Do we really want God to fight His enemies? Do we really want them destroyed? Play your instruments, sing the Psalms, join the choir. With every measure of music, the rod of God will rain down blow after blow upon the enemy. Let Him brandish the weapons and the rod; we are called to brandish harp and lyre in songs of praise.
But you ask," Do I have to join the choir in order to join in the song? Can't I just sing Psalms?" No, it is not required that you join the choir, but where better to learn the skills than in the choir? The choir is the church's organized army. They are the troops that go to the front line. The intensity of the battle is no where greater than in the choir. The liturgy of the "Sacrifice of Praise" as found in Chronicles with its choir of Levites was given by God through David, so that when the bloody sacrifices were fulfilled in Christ, we might still offer Him the sacrifice of our lips, a part of presenting our bodies as a "living sacrifice, acceptable to God, which is your spiritual service of worship" (Romans 12:1).

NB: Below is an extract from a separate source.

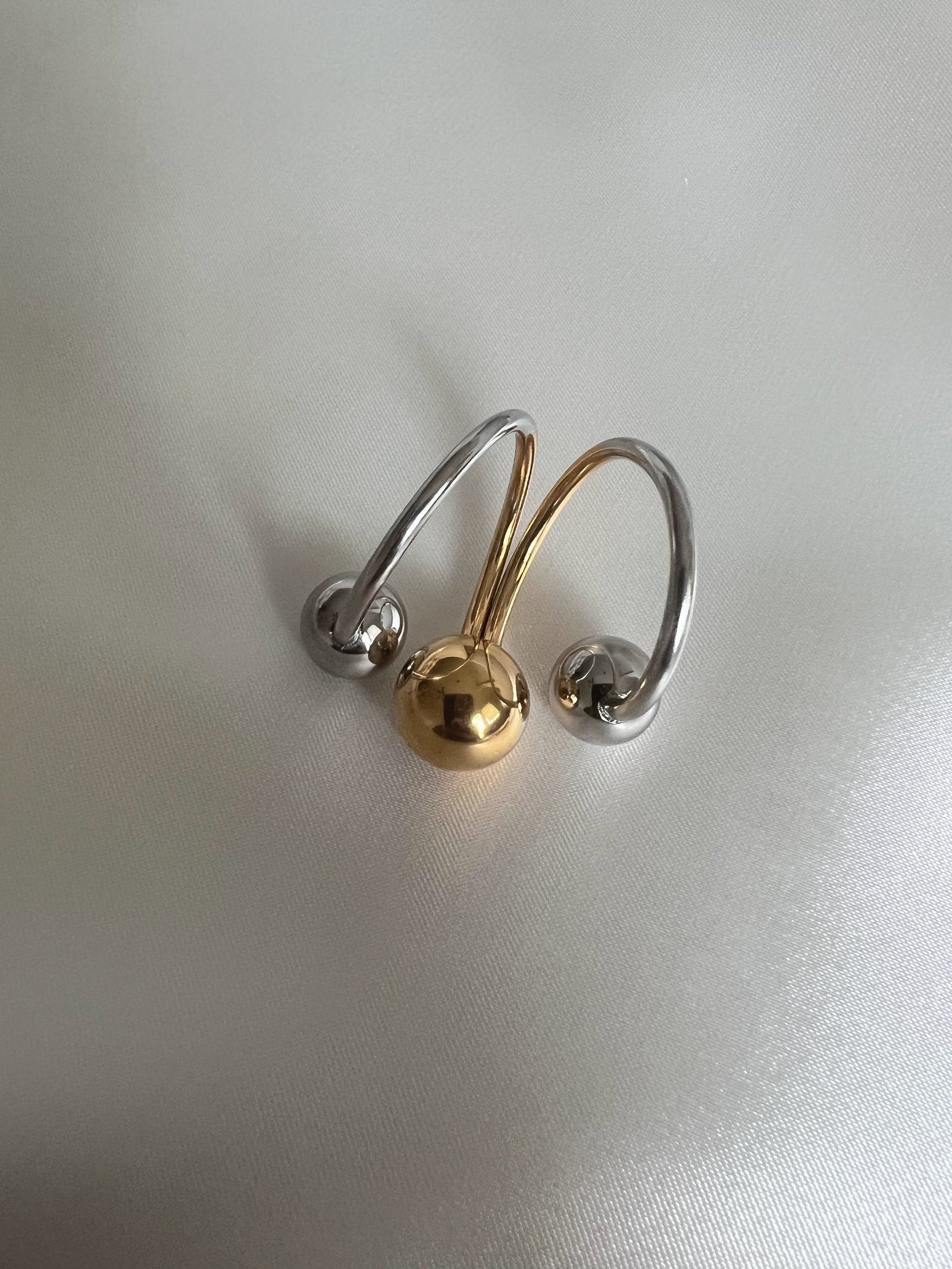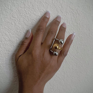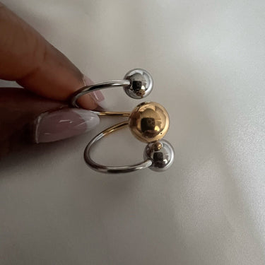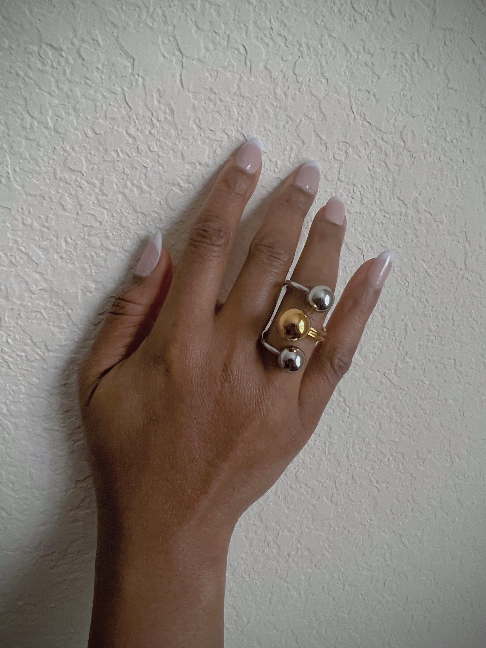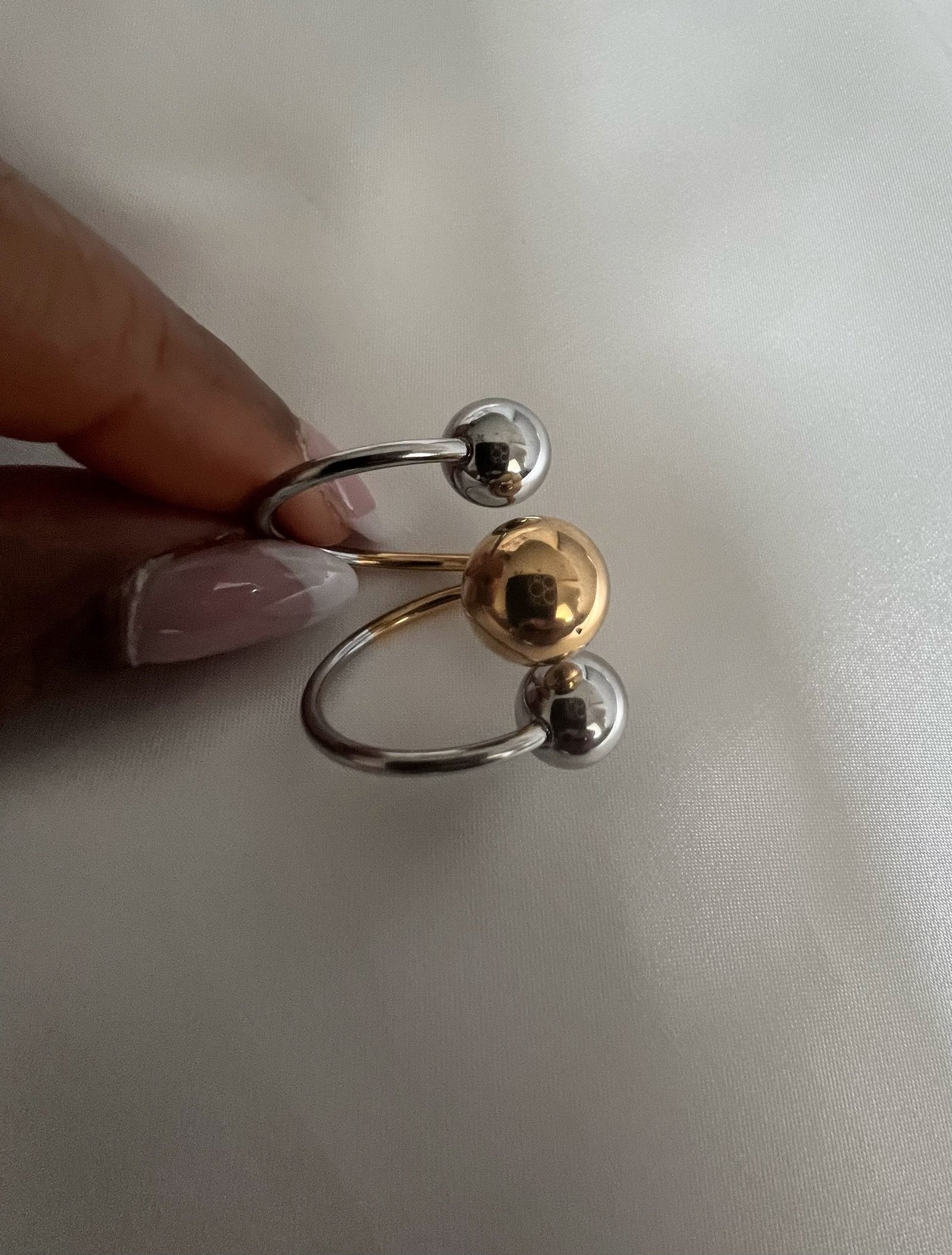 Featuring three balls on two rings connected together. This two-tone ring is the perfect combination of style and modern design. Crafted with 18k gold or silver plated on stainless steel. Can be worn in the shower and it’s hypoallergenic. Perfect for making a statement and adding a unique touch to any outfit.

And men, you need to be at choir. You have been letting the women do most of the fighting long enough. Why do choirs consist mostly of women? Are men afraid to lead in the fight? As a choir director who has difficulty getting men to sing, I have to come to this conclusion. Men have abdicated. They let the women lead them in battle. Men, stop rattling your sabers, stop all the tough talk, stop acting like you're in the midst of the fray. Rise up, O men of God, and you will have songs. "For Topheth has long been ready, indeed, it has been prepared for the king. He has made it deep and large, A pyre of fire with plenty of wood; The breath of the Lord, like a torrent of brimstone, sets it afire" (Isaiah 30:33). Do you want to see God kindle the funeral pyres of the world's kings? Join the choir and you will have songs. God will kindle the fires.